Submitted via IRC for Bytram
Mozilla Firefox 67.0.3 Patches Actively Exploited Zero-Day
Mozilla released Firefox 67.0.3 and Firefox ESR 60.7.1 to patch an actively exploited and critical severity vulnerability which could allow attackers to remotely execute arbitrary code on machines running vulnerable Firefox versions.
As Mozilla's security advisory says, the Firefox developers are "aware of targeted attacks in the wild abusing this flaw" which could allow attackers who exploit this vulnerability to take control of affected systems.
The Firefox and Firefox ESR zero-day flaw fixed by Mozilla was reported by Google Project Zero's Samuel Groß and the Coinbase Security team.
The type confusion vulnerability tracked as CVE-2019-11707occurs "when manipulating JavaScript objects due to issues in Array.pop."
Attackers could potentially trigger the type confusion by deceiving users of unpatched Firefox versions into visiting a maliciously crafted web page and, subsequently, executing arbitrary code on their systems.
The U.S. Cybersecurity and Infrastructure Security Agency (CISA) also issued an alert advising users "to review the Mozilla Security Advisory for Firefox 67.0.3 and Firefox ESR 60.7.1 and apply the necessary updates."

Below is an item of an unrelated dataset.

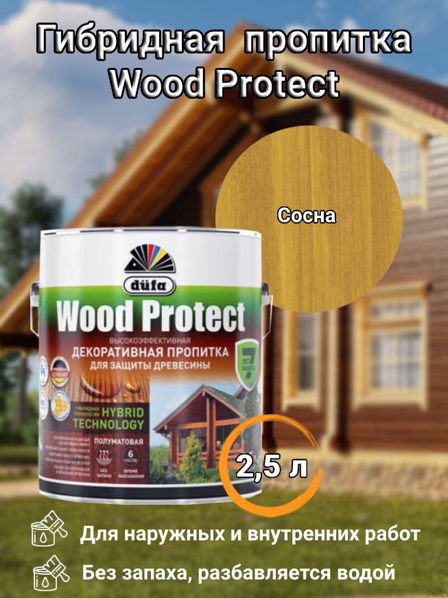 Dufa Wood Protect / Дюфа Вуд Протект Пропитка декоративная для защиты древесины сосна 2,5л
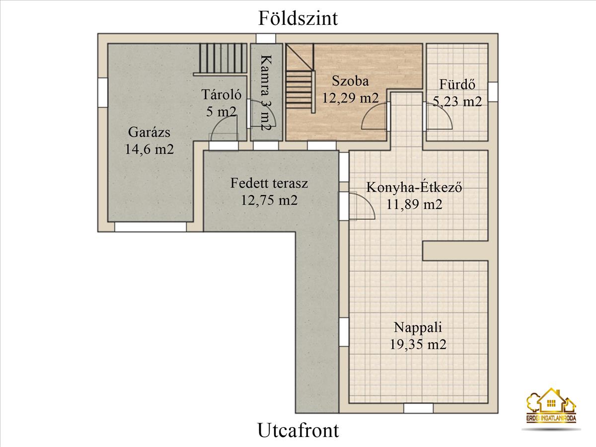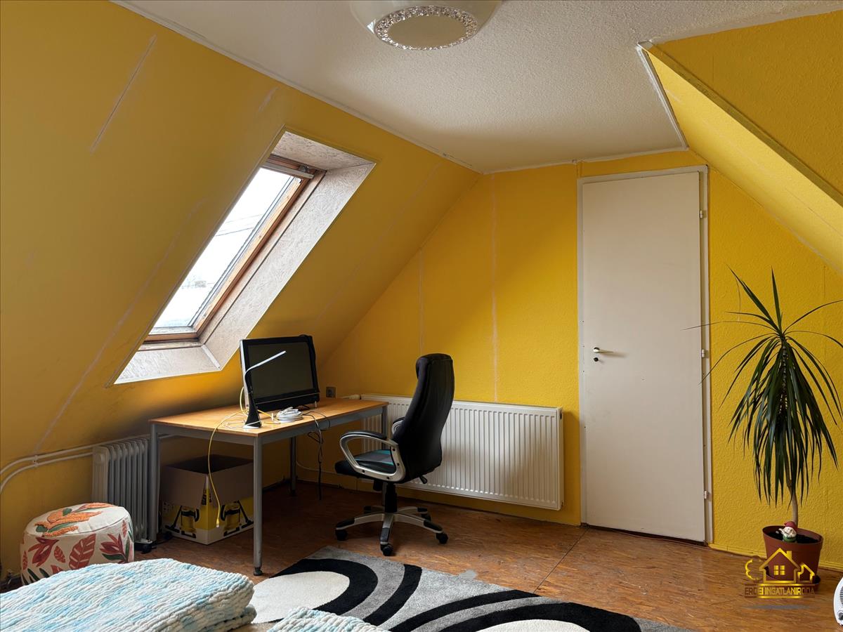 Az ingatlanban a földszinten található egy tágas konyha-étkező-nappali, egy zuhanyzós fürdőszobával és egy szobával, melyből a tetőtérbe jutunk. a tetőtérben 2 hálószoba található, az egyikhez egy 10 m²-es erkély tartozik, ez a szoba klímával felszerelt. a másik tetőtéri szobából egy ajtó vezet ki a padlástérre.

(Score: 2) by tangomargarine on Friday June 21 2019, @03:16PM (1 child)
As a term it's dumb because people feel the need to constantly use it to more precisely identify the type of bug, but by default pretty much all bugs are zero-days unless the company knows about the bug and doesn't bother to fix it. We should instead have a specialized term for that and just call "it's a bug the company doesn't know about yet" bugs.
"Is that really true?" "I just spent the last hour telling you to think for yourself! Didn't you hear anything I said?"
(Score: 4, Funny) by Anonymous Coward on Friday June 21 2019, @04:09PM
A zero-day is a bug that doesn't have a website, logo, or theme song yet?